> _What is required_
Of the entries below, restate word for word only the section that runs from the line with "3.En el siguiente" to the line with "大きめですが、瞳の透明感はと", counting both ends.

> _Supplied entries_
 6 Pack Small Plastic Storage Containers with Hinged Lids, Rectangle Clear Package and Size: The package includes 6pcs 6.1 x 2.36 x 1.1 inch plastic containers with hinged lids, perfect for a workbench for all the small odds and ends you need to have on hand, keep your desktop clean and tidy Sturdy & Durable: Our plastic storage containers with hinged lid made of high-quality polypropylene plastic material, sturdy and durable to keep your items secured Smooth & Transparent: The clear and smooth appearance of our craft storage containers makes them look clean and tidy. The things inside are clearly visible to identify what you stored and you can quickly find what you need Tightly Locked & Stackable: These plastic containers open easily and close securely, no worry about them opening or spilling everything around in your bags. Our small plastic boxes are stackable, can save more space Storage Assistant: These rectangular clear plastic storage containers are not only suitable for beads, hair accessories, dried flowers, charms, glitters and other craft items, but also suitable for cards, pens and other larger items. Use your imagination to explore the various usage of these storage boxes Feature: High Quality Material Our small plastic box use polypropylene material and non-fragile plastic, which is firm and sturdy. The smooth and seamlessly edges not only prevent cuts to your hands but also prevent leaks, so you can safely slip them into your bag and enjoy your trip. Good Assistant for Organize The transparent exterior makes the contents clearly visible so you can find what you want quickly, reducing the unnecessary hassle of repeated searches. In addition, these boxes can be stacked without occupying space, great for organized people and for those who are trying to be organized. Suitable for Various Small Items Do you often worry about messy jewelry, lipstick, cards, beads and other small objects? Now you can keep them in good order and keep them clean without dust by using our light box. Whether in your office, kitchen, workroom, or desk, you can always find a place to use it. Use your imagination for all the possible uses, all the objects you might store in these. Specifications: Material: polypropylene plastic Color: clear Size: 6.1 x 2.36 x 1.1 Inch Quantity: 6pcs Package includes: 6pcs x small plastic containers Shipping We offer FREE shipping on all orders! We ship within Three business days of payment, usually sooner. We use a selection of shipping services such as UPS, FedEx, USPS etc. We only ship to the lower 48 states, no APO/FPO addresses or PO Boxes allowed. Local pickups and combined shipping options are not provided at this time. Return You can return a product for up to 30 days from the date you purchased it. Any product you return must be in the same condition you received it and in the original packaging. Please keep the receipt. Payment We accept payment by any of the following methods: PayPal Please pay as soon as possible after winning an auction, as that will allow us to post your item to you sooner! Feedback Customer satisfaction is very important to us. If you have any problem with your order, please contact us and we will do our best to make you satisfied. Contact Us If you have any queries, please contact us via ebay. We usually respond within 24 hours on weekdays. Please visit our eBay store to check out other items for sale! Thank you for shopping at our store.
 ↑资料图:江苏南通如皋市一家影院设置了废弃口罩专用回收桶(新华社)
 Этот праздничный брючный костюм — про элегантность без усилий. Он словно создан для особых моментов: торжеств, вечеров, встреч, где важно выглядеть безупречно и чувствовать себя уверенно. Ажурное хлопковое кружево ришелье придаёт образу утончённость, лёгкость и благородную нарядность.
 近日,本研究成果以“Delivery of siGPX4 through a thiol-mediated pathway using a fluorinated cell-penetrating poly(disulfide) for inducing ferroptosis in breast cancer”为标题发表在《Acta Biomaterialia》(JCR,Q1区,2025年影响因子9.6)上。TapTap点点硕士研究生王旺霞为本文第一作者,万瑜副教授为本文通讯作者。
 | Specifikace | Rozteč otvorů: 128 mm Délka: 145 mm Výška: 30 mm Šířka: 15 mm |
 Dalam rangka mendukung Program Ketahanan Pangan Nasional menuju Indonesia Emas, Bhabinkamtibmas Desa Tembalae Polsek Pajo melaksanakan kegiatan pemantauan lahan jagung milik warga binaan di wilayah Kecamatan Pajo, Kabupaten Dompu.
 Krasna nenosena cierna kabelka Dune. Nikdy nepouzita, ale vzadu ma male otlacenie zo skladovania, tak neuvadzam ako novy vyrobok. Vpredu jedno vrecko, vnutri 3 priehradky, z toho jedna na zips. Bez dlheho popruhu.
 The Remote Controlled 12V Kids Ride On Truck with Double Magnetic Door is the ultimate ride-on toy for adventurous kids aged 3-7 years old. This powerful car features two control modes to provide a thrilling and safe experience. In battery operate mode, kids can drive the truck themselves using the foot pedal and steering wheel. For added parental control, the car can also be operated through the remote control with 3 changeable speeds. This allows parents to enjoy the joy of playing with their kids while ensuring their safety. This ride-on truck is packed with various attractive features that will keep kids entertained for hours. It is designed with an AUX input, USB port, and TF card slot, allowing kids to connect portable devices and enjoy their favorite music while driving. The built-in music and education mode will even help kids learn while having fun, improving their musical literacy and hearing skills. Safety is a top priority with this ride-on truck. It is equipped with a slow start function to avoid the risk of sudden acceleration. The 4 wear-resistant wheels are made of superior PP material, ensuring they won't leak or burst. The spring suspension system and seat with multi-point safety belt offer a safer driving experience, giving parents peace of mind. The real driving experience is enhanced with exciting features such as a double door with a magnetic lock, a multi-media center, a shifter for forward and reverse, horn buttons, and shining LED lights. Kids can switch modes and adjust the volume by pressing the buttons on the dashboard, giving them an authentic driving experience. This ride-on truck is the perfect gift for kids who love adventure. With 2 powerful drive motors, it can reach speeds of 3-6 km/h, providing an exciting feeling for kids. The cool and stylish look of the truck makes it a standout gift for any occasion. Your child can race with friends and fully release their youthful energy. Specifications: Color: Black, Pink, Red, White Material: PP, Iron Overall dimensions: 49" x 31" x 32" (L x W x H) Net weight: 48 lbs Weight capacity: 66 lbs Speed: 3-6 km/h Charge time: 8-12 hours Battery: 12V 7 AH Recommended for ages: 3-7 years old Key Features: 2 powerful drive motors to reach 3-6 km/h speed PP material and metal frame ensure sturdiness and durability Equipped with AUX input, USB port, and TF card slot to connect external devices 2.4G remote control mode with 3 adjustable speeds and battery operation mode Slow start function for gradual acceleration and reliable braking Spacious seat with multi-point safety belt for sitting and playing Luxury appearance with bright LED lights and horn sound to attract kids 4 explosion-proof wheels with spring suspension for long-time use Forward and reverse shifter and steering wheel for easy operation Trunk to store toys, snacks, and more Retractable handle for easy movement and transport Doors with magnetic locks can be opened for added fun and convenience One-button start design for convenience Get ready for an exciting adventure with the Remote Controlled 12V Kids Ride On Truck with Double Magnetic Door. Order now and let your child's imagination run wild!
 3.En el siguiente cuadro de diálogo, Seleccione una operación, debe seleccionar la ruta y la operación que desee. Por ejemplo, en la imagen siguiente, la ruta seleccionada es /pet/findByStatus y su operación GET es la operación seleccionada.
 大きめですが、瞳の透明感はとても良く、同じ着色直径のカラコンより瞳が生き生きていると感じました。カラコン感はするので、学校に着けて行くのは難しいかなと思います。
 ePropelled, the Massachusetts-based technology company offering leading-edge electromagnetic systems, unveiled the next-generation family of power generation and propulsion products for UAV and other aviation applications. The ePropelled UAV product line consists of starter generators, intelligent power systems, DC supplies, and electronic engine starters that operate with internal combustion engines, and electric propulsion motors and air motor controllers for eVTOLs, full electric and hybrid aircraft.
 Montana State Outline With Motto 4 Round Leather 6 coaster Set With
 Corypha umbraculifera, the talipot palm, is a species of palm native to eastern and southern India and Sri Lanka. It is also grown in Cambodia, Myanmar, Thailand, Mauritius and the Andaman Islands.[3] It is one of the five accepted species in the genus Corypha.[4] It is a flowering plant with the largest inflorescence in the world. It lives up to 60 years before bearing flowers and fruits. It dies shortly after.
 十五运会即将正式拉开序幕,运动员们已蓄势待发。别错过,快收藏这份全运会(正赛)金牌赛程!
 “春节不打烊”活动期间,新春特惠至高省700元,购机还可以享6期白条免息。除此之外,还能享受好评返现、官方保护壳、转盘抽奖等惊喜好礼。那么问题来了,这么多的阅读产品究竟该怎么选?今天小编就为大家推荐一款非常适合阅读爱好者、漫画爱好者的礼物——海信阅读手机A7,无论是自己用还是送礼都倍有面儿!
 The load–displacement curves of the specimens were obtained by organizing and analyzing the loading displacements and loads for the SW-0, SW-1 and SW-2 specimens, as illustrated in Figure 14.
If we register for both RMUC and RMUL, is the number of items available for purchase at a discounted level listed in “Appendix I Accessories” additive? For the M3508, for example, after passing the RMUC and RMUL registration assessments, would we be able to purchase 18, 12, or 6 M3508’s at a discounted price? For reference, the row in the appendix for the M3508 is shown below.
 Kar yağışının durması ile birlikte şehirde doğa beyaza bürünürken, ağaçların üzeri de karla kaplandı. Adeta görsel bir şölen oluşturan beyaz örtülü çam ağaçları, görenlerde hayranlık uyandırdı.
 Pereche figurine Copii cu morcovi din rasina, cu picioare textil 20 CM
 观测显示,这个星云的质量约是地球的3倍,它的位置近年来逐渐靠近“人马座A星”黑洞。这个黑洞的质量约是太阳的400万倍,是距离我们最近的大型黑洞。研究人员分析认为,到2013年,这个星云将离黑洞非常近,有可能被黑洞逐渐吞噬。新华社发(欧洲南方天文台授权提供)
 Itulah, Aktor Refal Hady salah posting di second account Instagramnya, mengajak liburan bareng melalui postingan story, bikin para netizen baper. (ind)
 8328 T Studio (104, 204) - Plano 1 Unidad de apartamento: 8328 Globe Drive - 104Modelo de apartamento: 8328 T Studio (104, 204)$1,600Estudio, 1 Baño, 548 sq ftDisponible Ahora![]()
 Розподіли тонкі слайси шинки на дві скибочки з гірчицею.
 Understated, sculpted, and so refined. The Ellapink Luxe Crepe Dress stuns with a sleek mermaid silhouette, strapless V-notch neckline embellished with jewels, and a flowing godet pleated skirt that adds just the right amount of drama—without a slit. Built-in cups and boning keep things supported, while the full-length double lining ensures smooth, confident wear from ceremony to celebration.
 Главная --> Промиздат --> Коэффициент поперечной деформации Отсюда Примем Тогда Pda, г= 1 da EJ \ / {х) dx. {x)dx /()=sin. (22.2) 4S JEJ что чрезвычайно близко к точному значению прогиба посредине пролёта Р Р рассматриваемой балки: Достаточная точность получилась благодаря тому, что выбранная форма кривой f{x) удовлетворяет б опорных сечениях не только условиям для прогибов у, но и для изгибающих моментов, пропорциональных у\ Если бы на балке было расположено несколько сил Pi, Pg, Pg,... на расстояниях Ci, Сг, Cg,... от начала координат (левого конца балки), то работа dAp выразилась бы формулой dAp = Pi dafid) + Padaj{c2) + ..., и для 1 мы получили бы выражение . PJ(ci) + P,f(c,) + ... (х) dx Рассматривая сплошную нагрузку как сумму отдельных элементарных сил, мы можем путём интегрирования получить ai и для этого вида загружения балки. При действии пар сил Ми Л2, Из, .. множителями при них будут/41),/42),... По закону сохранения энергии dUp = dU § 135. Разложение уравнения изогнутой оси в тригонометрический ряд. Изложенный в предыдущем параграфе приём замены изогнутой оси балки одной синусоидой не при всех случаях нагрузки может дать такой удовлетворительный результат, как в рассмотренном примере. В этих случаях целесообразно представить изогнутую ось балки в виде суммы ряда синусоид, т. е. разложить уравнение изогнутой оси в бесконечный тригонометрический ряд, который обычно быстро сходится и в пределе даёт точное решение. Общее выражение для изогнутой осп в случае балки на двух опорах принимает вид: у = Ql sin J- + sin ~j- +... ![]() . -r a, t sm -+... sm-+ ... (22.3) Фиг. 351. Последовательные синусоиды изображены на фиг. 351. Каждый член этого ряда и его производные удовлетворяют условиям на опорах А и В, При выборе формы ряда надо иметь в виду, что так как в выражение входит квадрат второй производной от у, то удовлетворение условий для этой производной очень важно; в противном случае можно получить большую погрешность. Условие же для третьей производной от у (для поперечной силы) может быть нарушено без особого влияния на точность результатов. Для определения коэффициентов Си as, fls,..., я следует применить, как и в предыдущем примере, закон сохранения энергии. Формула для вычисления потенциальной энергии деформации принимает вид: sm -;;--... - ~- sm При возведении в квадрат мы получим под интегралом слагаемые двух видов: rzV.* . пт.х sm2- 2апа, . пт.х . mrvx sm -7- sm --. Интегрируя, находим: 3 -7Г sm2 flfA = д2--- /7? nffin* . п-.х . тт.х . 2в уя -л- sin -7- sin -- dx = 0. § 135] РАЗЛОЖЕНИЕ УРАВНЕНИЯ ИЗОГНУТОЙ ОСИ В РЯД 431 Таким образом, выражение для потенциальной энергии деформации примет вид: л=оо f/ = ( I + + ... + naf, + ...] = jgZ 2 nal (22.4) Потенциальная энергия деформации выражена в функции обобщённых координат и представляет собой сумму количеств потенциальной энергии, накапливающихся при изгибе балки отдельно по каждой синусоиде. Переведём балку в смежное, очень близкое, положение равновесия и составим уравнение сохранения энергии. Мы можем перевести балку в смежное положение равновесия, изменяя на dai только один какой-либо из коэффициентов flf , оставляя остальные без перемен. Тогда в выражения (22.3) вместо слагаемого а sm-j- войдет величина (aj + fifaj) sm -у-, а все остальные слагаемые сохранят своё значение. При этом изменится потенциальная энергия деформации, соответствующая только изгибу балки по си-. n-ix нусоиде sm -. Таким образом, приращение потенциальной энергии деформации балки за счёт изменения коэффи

> _Exercise result_
 3.En el siguiente cuadro de diálogo, Seleccione una operación, debe seleccionar la ruta y la operación que desee. Por ejemplo, en la imagen siguiente, la ruta seleccionada es /pet/findByStatus y su operación GET es la operación seleccionada.
 大きめですが、瞳の透明感はとても良く、同じ着色直径のカラコンより瞳が生き生きていると感じました。カラコン感はするので、学校に着けて行くのは難しいかなと思います。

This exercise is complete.